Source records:
★ ★ ★ ★ ★

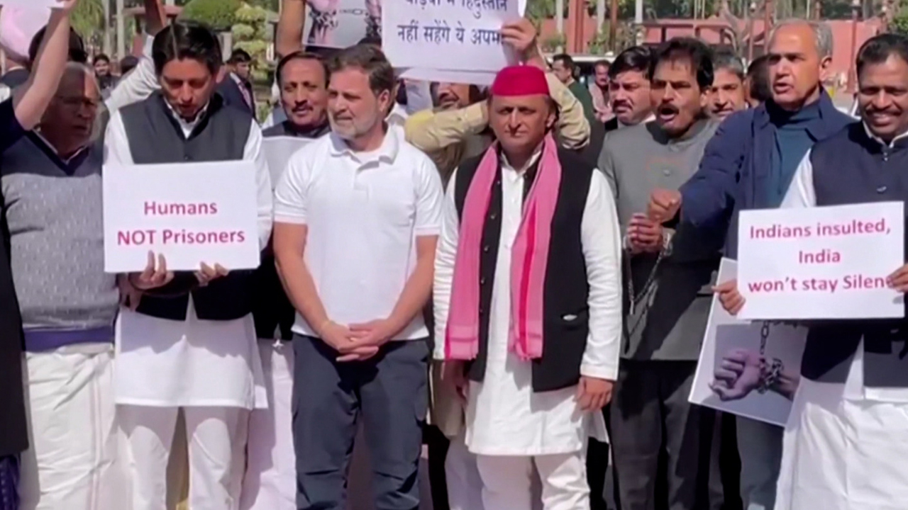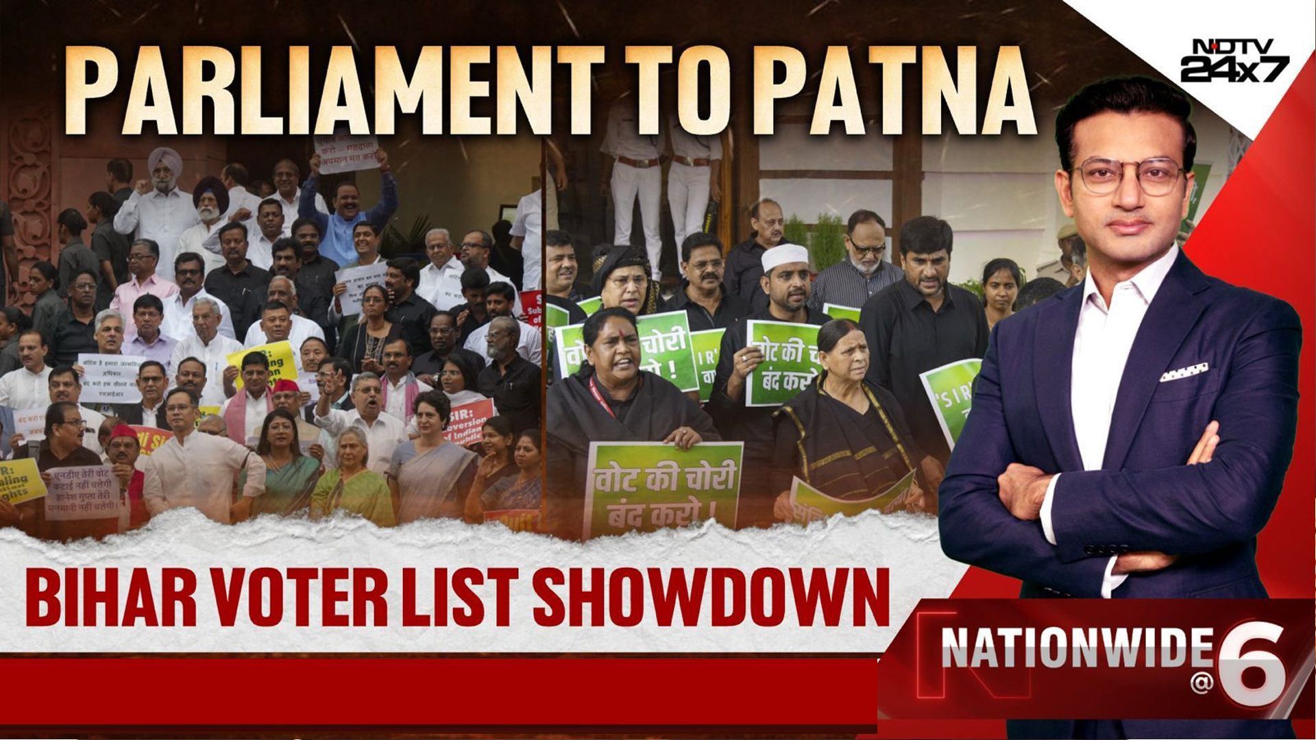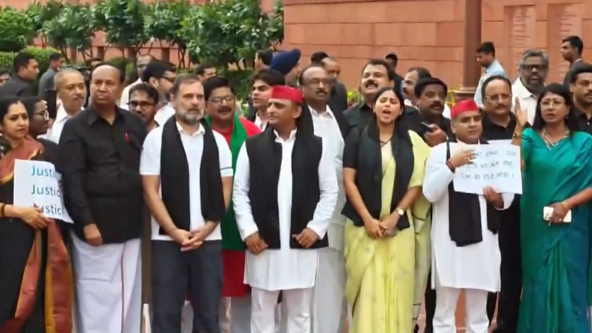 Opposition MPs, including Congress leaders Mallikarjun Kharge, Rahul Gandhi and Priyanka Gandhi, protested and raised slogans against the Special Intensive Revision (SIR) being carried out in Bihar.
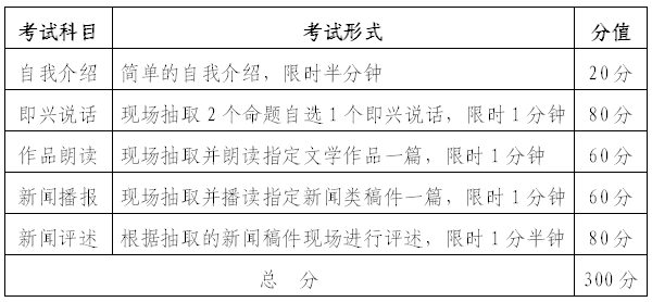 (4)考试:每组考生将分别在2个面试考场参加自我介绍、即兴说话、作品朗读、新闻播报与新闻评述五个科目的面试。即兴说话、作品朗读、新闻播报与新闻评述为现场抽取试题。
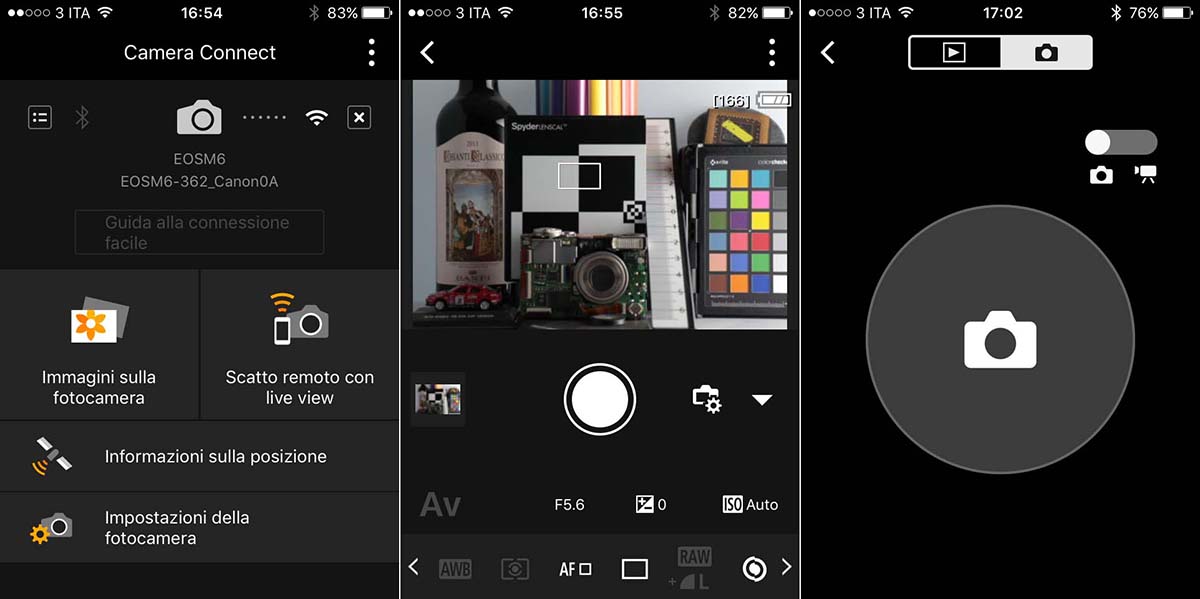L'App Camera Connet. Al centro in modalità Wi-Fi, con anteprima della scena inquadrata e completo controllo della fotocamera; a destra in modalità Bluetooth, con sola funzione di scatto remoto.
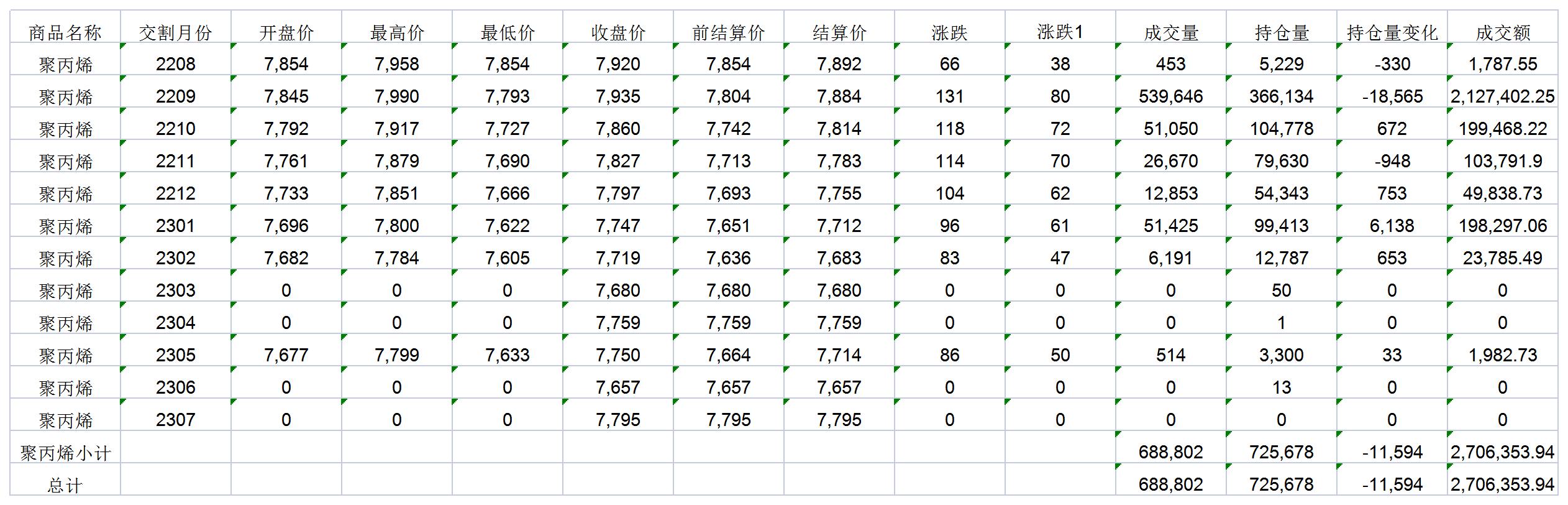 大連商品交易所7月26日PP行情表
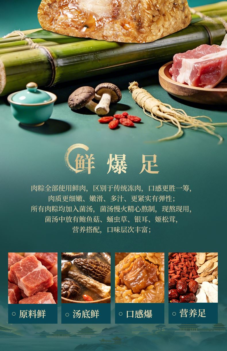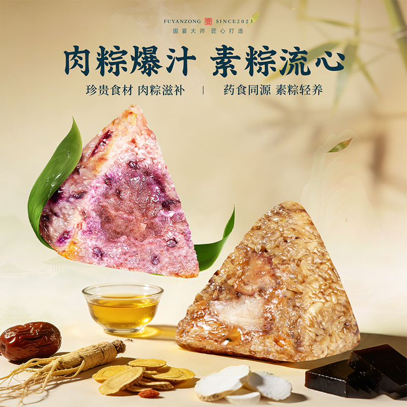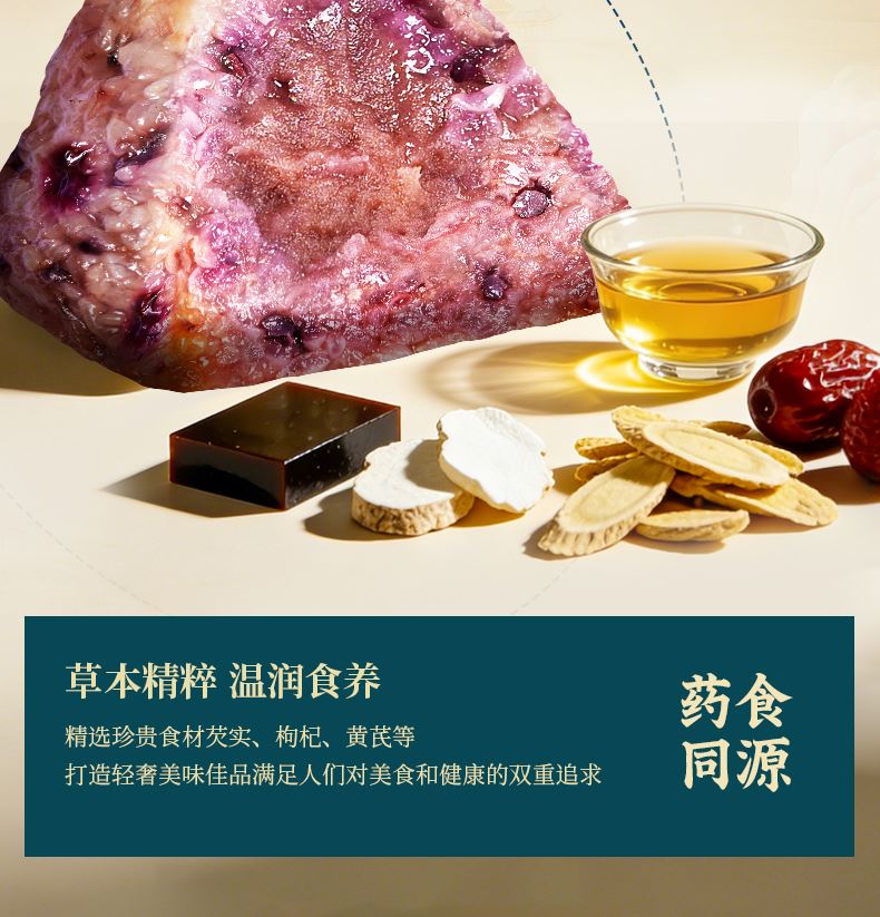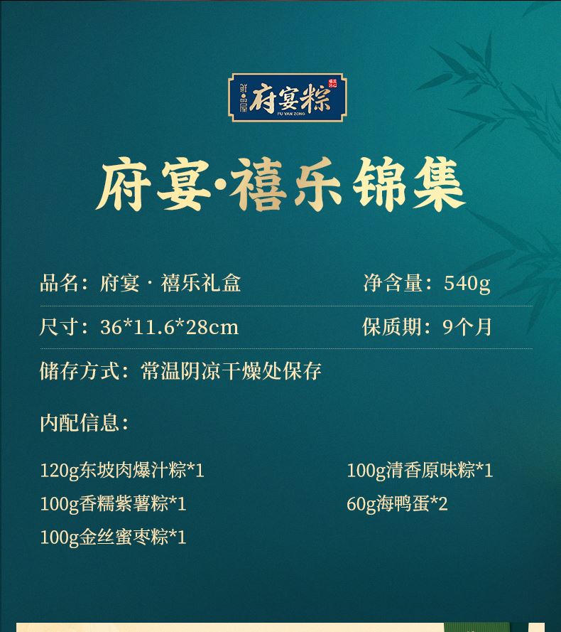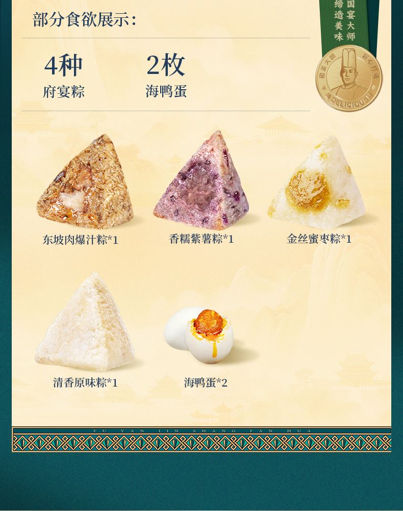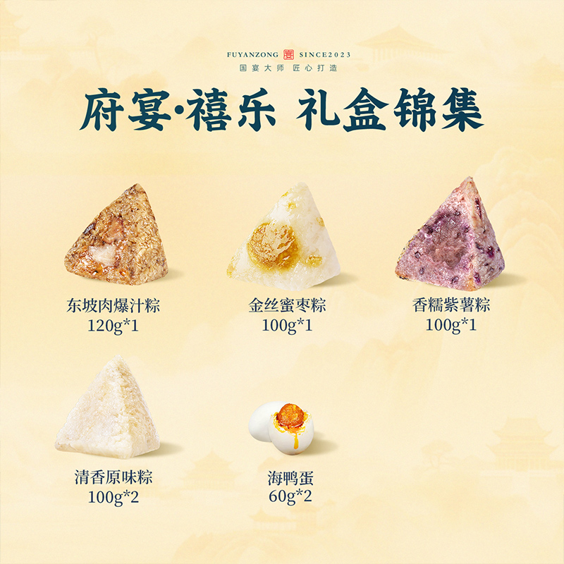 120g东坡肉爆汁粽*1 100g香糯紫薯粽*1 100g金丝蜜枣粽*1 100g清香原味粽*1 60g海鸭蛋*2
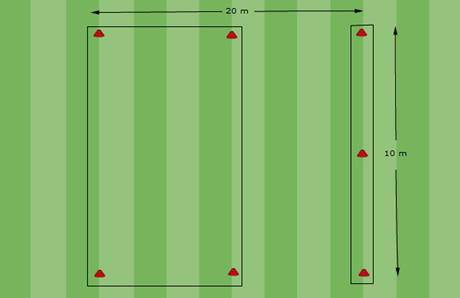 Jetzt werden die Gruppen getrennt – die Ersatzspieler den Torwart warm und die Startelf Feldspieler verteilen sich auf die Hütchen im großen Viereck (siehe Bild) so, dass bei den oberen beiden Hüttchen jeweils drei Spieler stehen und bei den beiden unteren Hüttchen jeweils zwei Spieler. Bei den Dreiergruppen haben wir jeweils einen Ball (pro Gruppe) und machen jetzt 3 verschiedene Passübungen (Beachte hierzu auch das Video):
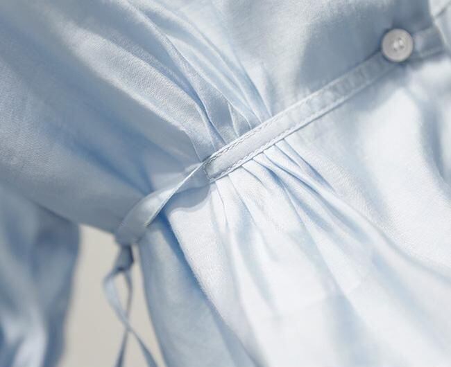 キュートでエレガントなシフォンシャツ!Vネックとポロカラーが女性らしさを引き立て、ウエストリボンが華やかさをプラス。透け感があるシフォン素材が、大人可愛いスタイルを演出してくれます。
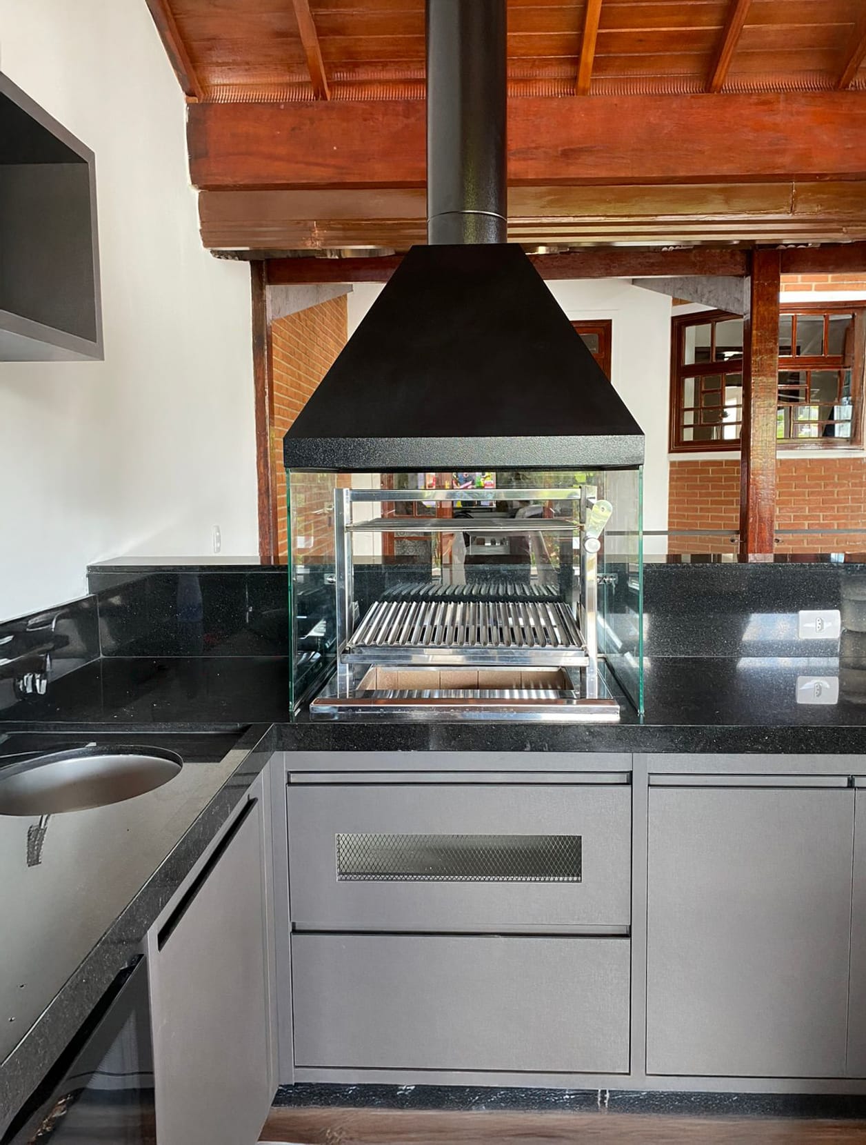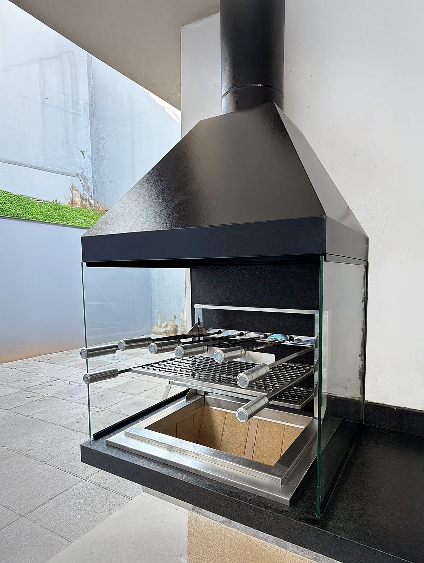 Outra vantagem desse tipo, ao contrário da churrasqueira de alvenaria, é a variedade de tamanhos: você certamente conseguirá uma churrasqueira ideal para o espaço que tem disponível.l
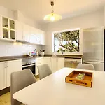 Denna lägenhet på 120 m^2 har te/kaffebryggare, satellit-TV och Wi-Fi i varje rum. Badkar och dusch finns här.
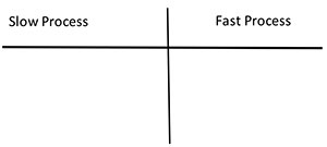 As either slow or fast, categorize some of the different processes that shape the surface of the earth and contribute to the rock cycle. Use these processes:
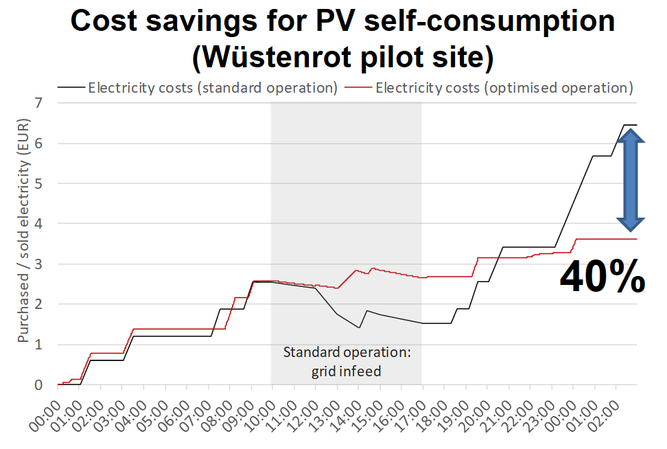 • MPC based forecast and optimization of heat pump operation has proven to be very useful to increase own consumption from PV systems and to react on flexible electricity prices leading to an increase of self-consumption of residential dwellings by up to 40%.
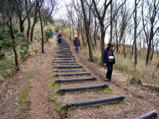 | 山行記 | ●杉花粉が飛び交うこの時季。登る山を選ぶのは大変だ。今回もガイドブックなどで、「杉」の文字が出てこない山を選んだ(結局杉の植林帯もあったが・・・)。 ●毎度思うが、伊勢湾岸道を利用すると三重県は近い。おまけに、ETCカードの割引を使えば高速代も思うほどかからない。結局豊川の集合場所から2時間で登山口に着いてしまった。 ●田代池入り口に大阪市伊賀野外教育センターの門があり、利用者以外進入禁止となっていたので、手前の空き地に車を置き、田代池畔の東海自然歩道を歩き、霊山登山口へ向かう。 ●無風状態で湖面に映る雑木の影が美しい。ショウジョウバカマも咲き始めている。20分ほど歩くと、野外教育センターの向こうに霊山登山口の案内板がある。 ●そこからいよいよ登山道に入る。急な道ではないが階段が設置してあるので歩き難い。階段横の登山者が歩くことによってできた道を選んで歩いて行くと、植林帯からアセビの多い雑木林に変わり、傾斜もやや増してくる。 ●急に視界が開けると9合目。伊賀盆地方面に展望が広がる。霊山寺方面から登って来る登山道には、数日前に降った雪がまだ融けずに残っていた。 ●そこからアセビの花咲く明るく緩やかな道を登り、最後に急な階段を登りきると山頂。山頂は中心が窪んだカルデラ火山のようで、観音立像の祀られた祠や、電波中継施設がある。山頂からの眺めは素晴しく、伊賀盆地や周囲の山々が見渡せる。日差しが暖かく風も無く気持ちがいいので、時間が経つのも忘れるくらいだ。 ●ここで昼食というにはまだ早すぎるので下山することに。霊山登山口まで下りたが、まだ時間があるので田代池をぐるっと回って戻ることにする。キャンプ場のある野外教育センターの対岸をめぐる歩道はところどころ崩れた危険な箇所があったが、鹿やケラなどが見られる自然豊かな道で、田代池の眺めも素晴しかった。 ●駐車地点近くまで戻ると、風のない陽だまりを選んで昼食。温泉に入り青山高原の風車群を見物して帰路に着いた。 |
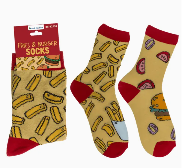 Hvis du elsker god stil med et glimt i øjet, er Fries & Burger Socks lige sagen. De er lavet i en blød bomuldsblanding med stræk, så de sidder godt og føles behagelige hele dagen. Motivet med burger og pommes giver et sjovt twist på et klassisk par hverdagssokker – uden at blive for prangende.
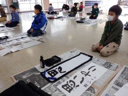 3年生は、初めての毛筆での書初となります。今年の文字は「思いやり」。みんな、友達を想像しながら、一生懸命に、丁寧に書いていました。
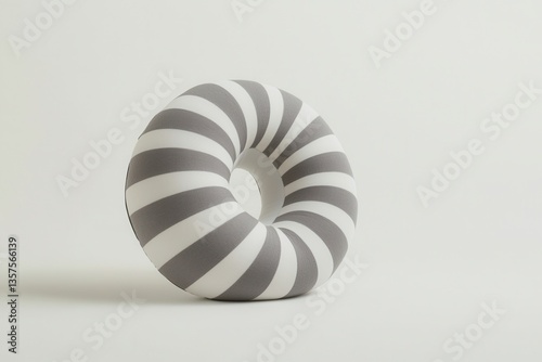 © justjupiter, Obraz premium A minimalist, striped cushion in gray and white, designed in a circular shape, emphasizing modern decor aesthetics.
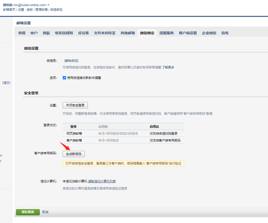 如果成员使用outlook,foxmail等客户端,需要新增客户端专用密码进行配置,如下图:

★ ★ ★ ★ ★

=== HOW TO COMPLETE THIS TASK ===
Copy exactly the lines of the entries above from the one containing "As either slow" through the one containing "by up to 40%.". Both end lines count; pictures do not.

=== SOLUTION TO THIS EXERCISE ===
 As either slow or fast, categorize some of the different processes that shape the surface of the earth and contribute to the rock cycle. Use these processes:
 • MPC based forecast and optimization of heat pump operation has proven to be very useful to increase own consumption from PV systems and to react on flexible electricity prices leading to an increase of self-consumption of residential dwellings by up to 40%.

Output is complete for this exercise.